Crow gave Newton a reassuring slap on the back. It was going to be a total bitch of a climb, and Crow didn’t think he had enough left to manage it. He was certain Newton didn’t. He turned and looked back, scanning the forest, listening for the sound of skittering insect feet. Their absence should have been reassuring, but strangely it wasn’t.


“We’ll have to try and rest along the way up,” he said, knowing it sounded lame. Newton just nodded, his eyes glistening in the darkness and he turned away. Crow was sure he was crying. He pulled tension on his rope and raised his leg to brace it on a snarl of root a foot above the forest floor, then with a sigh that spoke of his sadness, his fear, and his exhaustion, he began to climb. Sniffing back his tears, Newton followed.


Dark Hollow had defeated them.


Chapter 27


The sun was almost down and the first stars were igniting overhead as Mike sped on through the darkness, going away from town, riding with no specific purpose along the highway, seeking the loneliness of the farmlands. As he rode, the aches of his body and the aches of his soul seemed to fade as the War Machine devoured the miles.
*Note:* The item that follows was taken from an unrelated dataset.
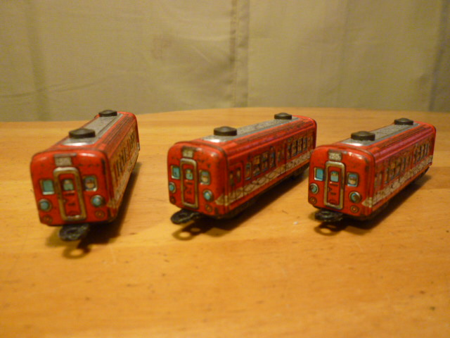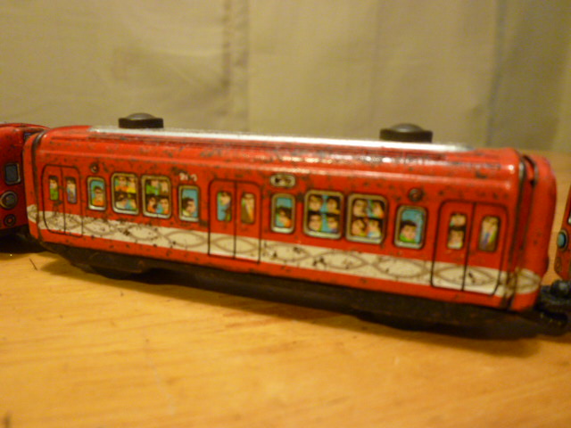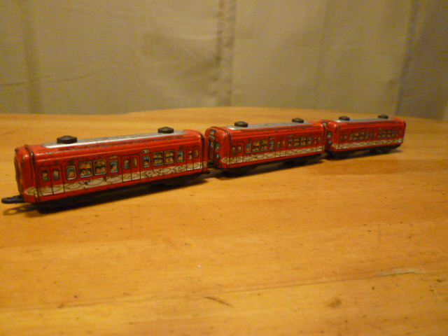 こちらは少し古いブリキ製の3両編成の急行電車の様です。1両には自在車?の様に押して離すと回転音を残しながら少し進む機能が付いていて、同型の車両には運転席上部中央に「900」の数字があり、どちらも満員で窓にはそのお客さんの表情が細かく見え、サイドドァ付近に「急行」の文字と「200」の数字もあります。

A rare few cars hummed along A-32 but the heaviest congestion, he knew, would have turned off onto College Road, which cut west between the Dead End Drive-In and the Haunted Hayride and then emptied onto the campus of Pinelands College. Overhead a single dark bird flapped lazily, easily keeping pace with him, and he and the bird soared along for nearly two miles, keeping perfect station with the other until they crested the hill that led to the sharpness of Shandy’s Curve. Mike slowed, not wanting to race around Shandy’s Curve again, not since his close encounter with Crow’s old Chevy two weeks ago. He reached the curve and coasted around it, the bird now circling overhead. Mike felt a strange chill as if the air around the curve was colder than along the rest of A-32. It was a moderately cool night anyway for the middle of October, but on the curve it felt like March.